The answer is to be the lines below that lie between the line holding "Календарь магнитный отрывной" and the line holding "ile bunların yerini", inclusive, transcribed exactly and free of pictures.

#### DATA SUPPLIED
-------
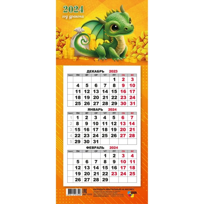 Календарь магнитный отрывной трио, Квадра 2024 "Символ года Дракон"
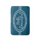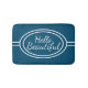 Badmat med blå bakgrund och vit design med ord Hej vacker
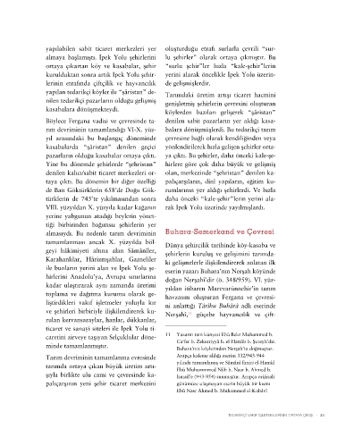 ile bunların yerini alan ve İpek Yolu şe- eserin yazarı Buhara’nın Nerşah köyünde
-------
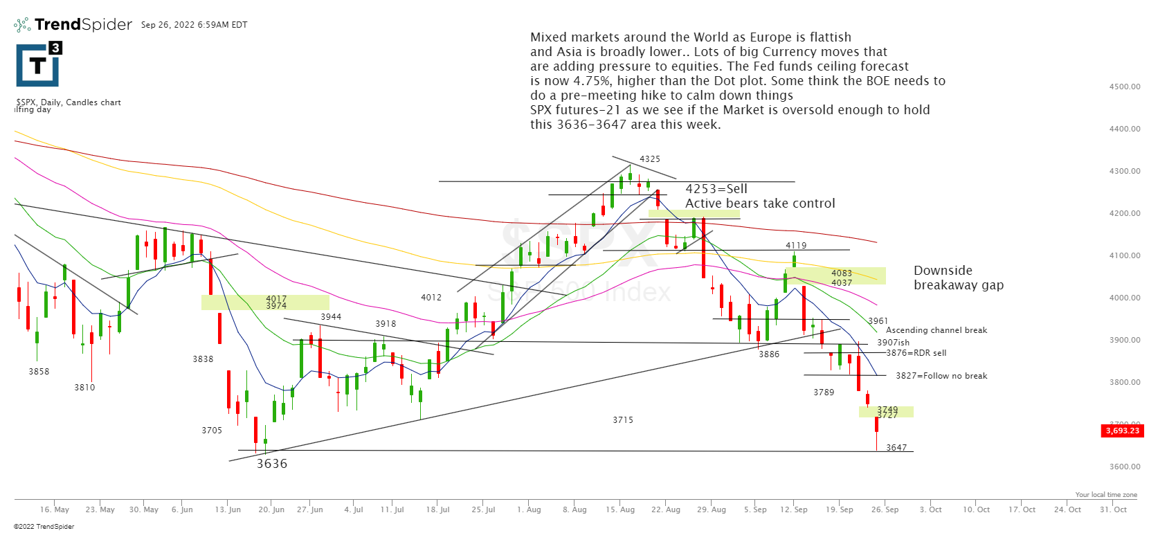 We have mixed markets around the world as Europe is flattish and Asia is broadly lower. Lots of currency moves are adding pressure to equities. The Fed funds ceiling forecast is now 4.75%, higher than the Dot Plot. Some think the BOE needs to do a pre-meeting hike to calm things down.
-------
#### RESPONSE TO THIS TASK
 Календарь магнитный отрывной трио, Квадра 2024 "Символ года Дракон"
 Badmat med blå bakgrund och vit design med ord Hej vacker
 ile bunların yerini alan ve İpek Yolu şe- eserin yazarı Buhara’nın Nerşah köyünde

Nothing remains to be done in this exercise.